The decoding is of course the reverse:

  1. Grab 4 symbols
  2. Convert the 4 symbols to 6 nybbles 
  3. Repeat from 1 until we have only 2 symbols left
  4. Append the leftover 2 symbols to the result

And without further ado:

// These are the "base64url" character set from RFC 4648 §5
string B64U = "ABCDEFGHIJKLMNOPQRSTUVWXYZabcdefghijklmnopqrstuvwxyz0123456789-_";
string XDIGITS = "0123456789abcdef";

string PackUuid(key id) {
    string hex = llDumpList2String(llParseString2List((string)id, ["-"], []), "");
    string result;
    integer len = llStringLength(hex) - 2;
    integer offs;
    integer portion;
    integer j;
    integer i;
    for (;i<len;i+=6) {
        portion = (integer)("0x" + llGetSubString(hex, i, i+5));
        for (j=0;j<4;++j) {
            offs = portion & 0x3F;
            portion = portion >> 6;
            result += llGetSubString(B64U, offs, offs);
        }
    }
    return result + llGetSubString(hex, -2, -1);
}

string UnPackUuid(string packed) {
    string result;
    integer idx;
    integer threebytes;
    integer j;
    integer i;
    for (;i<20;i+=4) {
        threebytes = 0;
        for (j=3;j>=0;--j) {
            idx = i + j;
            threebytes = (threebytes << 6) | llSubStringIndex(B64U, llGetSubString(packed, idx, idx));
        }
        for (j=0;j<6;++j) {
            idx = (threebytes & 0xF00000) >> 20;
            result += llGetSubString(XDIGITS, idx, idx);
            threebytes = threebytes << 4;
        }
    }
    return (
        llGetSubString(result, 0, 7) + "-" + llGetSubString(result, 8, 11) + "-" + llGetSubString(result, 12, 15) + "-"
        + llGetSubString(result, 16, 19) + "-" + llGetSubString(result, 20, -1) + llGetSubString(packed, -2, -1)
        );
}
Edited by primerib1
  • Like 1
  • Thanks 1
Link to comment
Share on other sites

probably more performant one, using built-in funcs llIntegerToBase64() and llBase64ToInteger(), but the result of the packing is different from the above.

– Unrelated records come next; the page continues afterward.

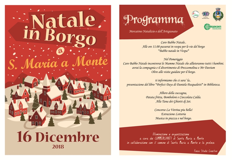 Con l’ingresso nel mese di Dicembre, Santa Maria a Monte inizierà a pregustare il clima natalizio grazie all’iniziativa Natale in Borgo, organizzata dal Centro Commerciale Naturale in collaborazione con la Pro Loco ed il Comune di Santa Maria a Monte.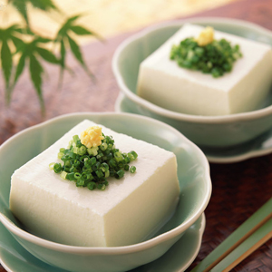 2、豆腐切成1.5厘米長、1.2厘米寬、1厘米厚的塊,入沸水鍋內(nèi)悼水后撈出;姜切片;蔥切花。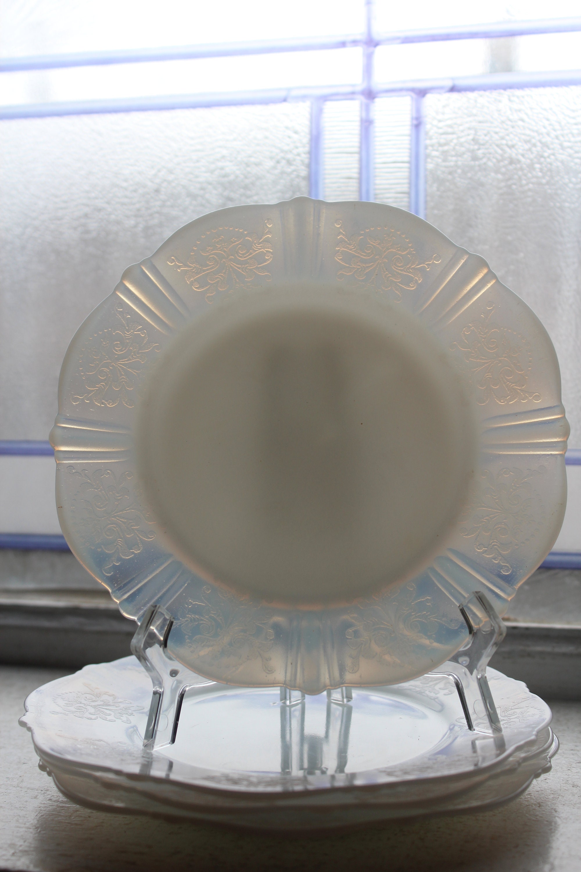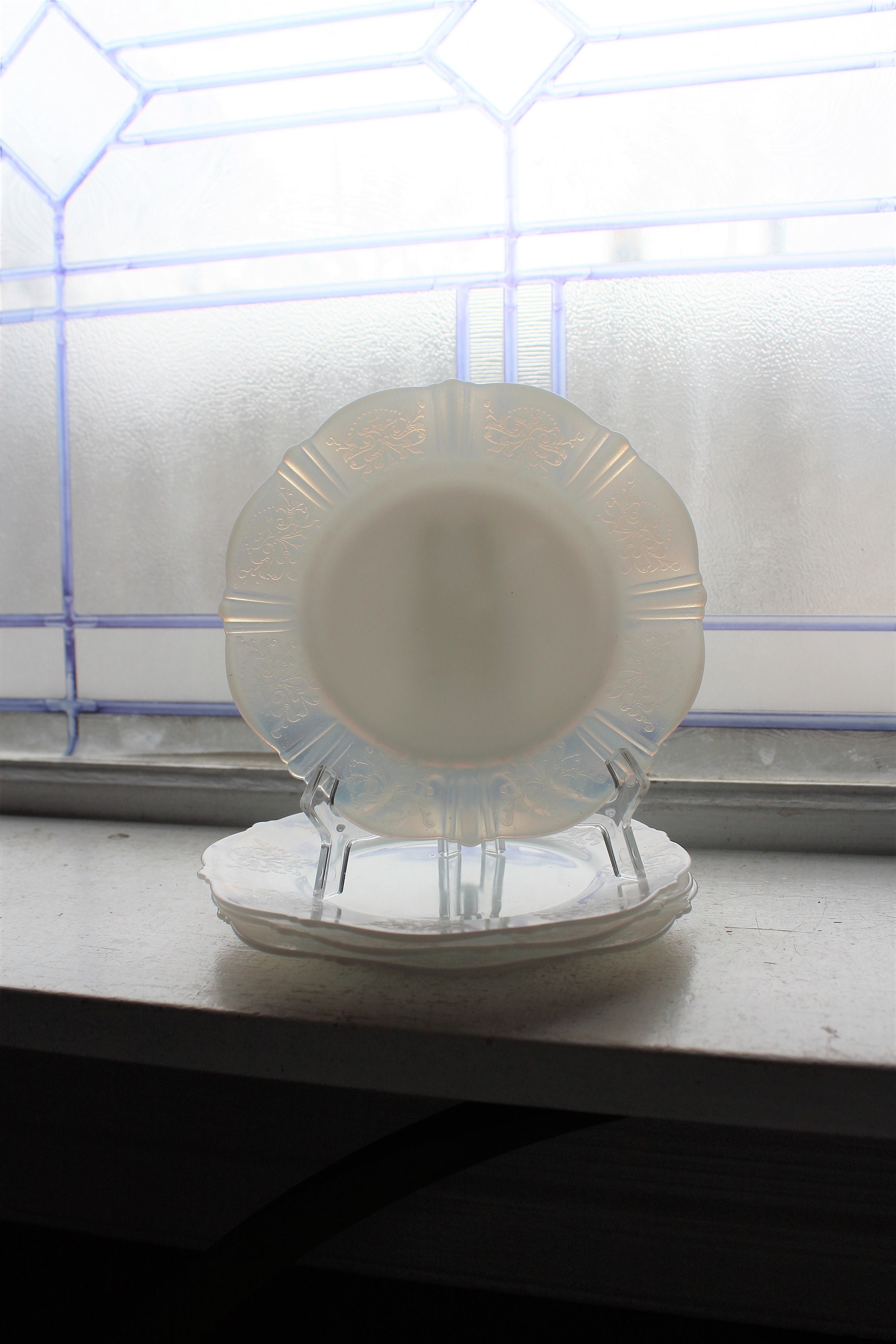 4 vintage 1930s monax white depression glass American Sweetheart bread and butter plates, in good condition. Each one measures 6" wide. No chips or cracks, perfect for use or display. There are 2 sets of 4 available. Enjoy!

Also this method is not URL-safe; you might end up with the characters + and / , and those characters have special meanings when in a URL.

string XDIGITS = "0123456789abcdef";

string PackUuid2(key id) {
    string hex = llDumpList2String(llParseString2List((string)id, ["-"], []), "");
    string result;
    integer len = llStringLength(hex) - 2;
    integer portion;
    integer i;
    for (;i<len;i+=6) {
        // Must lshift by 2 to align the big-endian zeroes to multiples of 6
        portion = ((integer)("0x" + llGetSubString(hex, i, i+5))) << 2;
        result += llGetSubString(llIntegerToBase64(portion), 1, 4);
    }
    return result + llGetSubString(hex, -2, -1);
}

string UnPackUuid2(string packed) {
    string result;
    integer decoded;
    integer len = llStringLength(packed) - 2;
    integer idx;
    integer j;
    integer i;
    for(;i<len;i+=4) {
        // This is actually lshift by 8, then rshift by 2
        // The rshift is to neutralize the lshift performed during packing
        decoded = llBase64ToInteger("A" + llGetSubString(packed, i, i+3) + "A==") << 6;
        for (j=0; j<6; ++j) {
            idx = (decoded & 0xF0000000) >> 28;
            result += llGetSubString(XDIGITS, idx, idx);
            decoded = decoded << 4;
        }
    }
    return (
        llGetSubString(result, 0, 7) + "-" + llGetSubString(result, 8, 11) + "-" + llGetSubString(result, 12, 15) + "-"
        + llGetSubString(result, 16, 19) + "-" + llGetSubString(result, 20, -1) + llGetSubString(packed, -2, -1)
        );
}
Edited by primerib1
  • Like 1
Link to comment
Share on other sites

A note on these lines:

portion = ((integer)("0x" + llGetSubString(hex, i, i+5))) << 2;
result += llGetSubString(llIntegerToBase64(portion), 1, 4);

The left-shift by 2 makes the binary representation of the integer to be 6-bit aligned in such a way that when Base64-encoded, they look like this:

// [03:00] Object: : APHAMA==
// [03:00] Object: : AxA0yA==
// [03:00] Object: : ATkeeA==
// [03:00] Object: : Ak6OIA==
// [03:00] Object: : A/sO7A==

Note how every encoded value starts with "A" and ends with "A=="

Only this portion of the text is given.